• [Task to complete]:
Output the entries below word for word, stopping once the line containing "Ingredientes: 360 grs." is done, and omit each picture.

[Provided data — start]

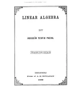 Hüseyin Tevfik Pasha (1832 in Vidin, Ottoman Empire (now in Bulgaria) – 16 June 1901 in Constantinople (now Istanbul)) was a mathematician from the Ottoman Empire[1] and military adjutant representing the Ottoman Empire in the purchase of foreign rifles. He is remembered for his Linear Algebra (1882, 1892) which outlined some vector algebra including a "special perpendicular" (cross product) and properties of curves. The book title was precocious since the early vector algebra was generalized in vector space, and this concept later produced linear algebra. He is known as Tawfiq Pasha of Vidin or as Vidinli Huseyin, Tawfiq Pasha in Turkish literature.[2] He served as Envoy of the Ottoman Empire to the United States.
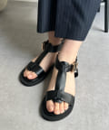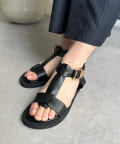 フラットで履きやすい人気のサンダルが登場!ベルト部分の金具がアクセントになり、シンプルになりすぎないのでオシャレ見えします。
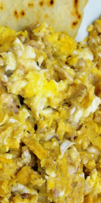 Ingredientes: 360 grs. netos de sesos, 30 grs. netos de cebolla, 1 rama de perejil, 1/2 hoja de laurel, 1 huevo, 4 claras de huevo, 1 cucharilla de aceite, 500 grs. netos de calabacin, 120 grs. de queso batido desnatado, pimienta y sal.
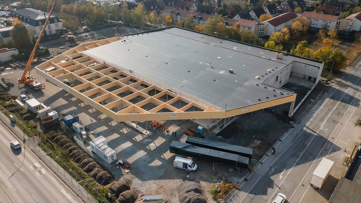 nathlos ineinander greifen konnten. Noch in bester Erinnerung war Kramer ein Gespräch mit seinem Architekten Joachim Oehme (Bielefeld), der ihn früh gefragt habe, ob er denn ein Blechdach oder eines aus Holz wünsche. „Natürlich aus Holz", habe er spontan gesagt, „ohne zu ahnen, was ich damit auslöse". Inzwischen ist das 7.000 Quadratmeter große Dach fertig, und der Betrachter staunt über eine massive Konstruktion aus 250 Tonnen
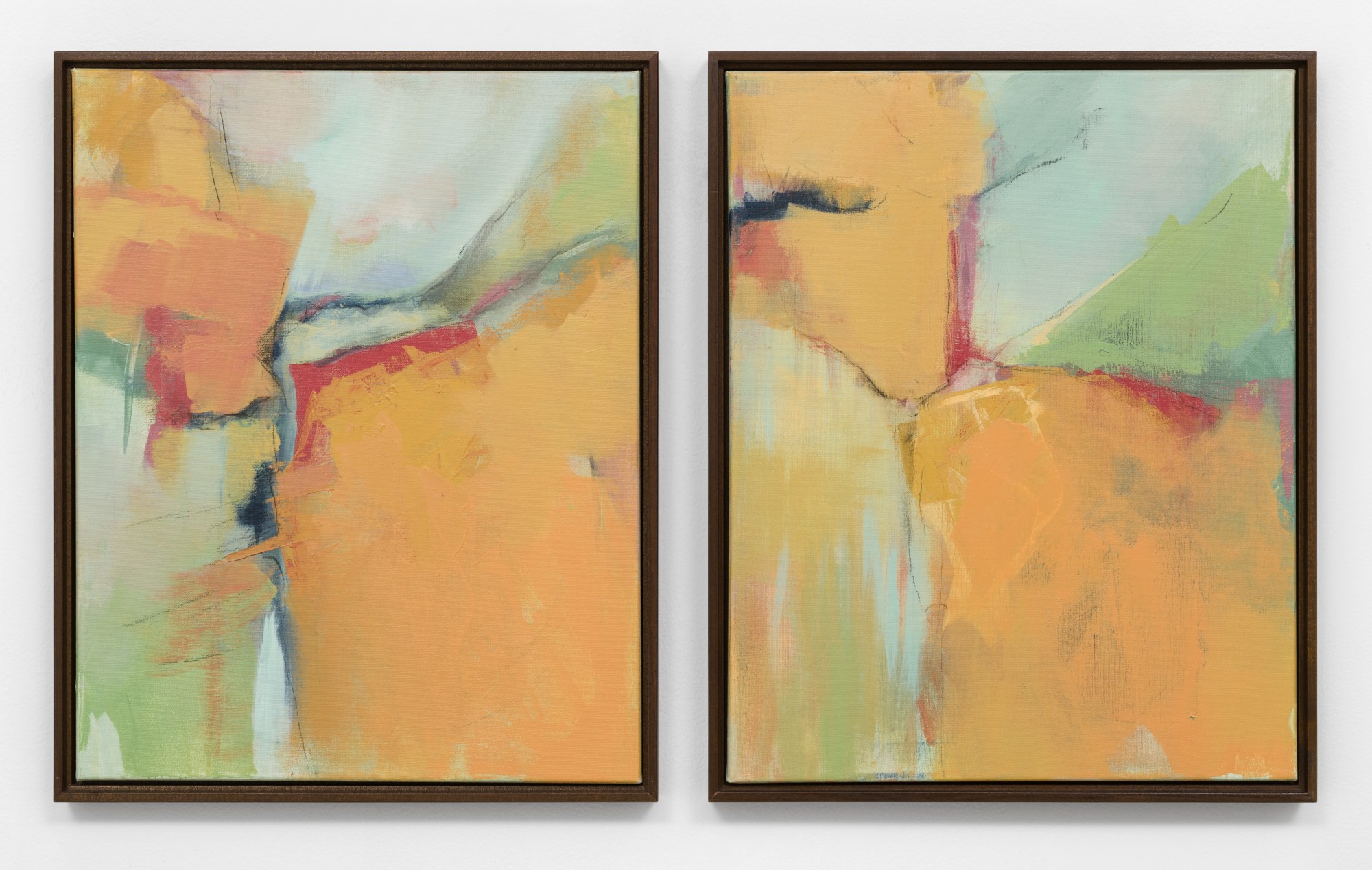 Two rocky ochre, flesh colored images touch and seemingly kiss across the ground. Hints of red and lime green.
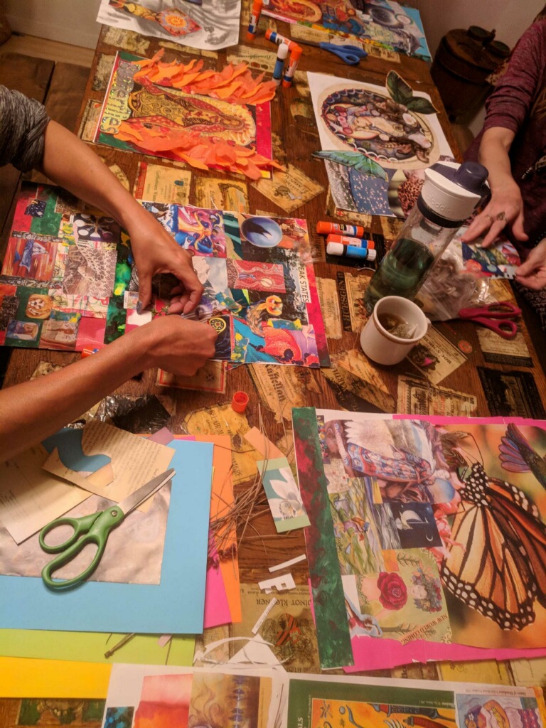 Photo of collage participants creating collages by Tina Karagulian. Permission granted by participants.

[Provided data — finish]

• [Task result]:
 Hüseyin Tevfik Pasha (1832 in Vidin, Ottoman Empire (now in Bulgaria) – 16 June 1901 in Constantinople (now Istanbul)) was a mathematician from the Ottoman Empire[1] and military adjutant representing the Ottoman Empire in the purchase of foreign rifles. He is remembered for his Linear Algebra (1882, 1892) which outlined some vector algebra including a "special perpendicular" (cross product) and properties of curves. The book title was precocious since the early vector algebra was generalized in vector space, and this concept later produced linear algebra. He is known as Tawfiq Pasha of Vidin or as Vidinli Huseyin, Tawfiq Pasha in Turkish literature.[2] He served as Envoy of the Ottoman Empire to the United States.
 フラットで履きやすい人気のサンダルが登場!ベルト部分の金具がアクセントになり、シンプルになりすぎないのでオシャレ見えします。
 Ingredientes: 360 grs. netos de sesos, 30 grs. netos de cebolla, 1 rama de perejil, 1/2 hoja de laurel, 1 huevo, 4 claras de huevo, 1 cucharilla de aceite, 500 grs. netos de calabacin, 120 grs. de queso batido desnatado, pimienta y sal.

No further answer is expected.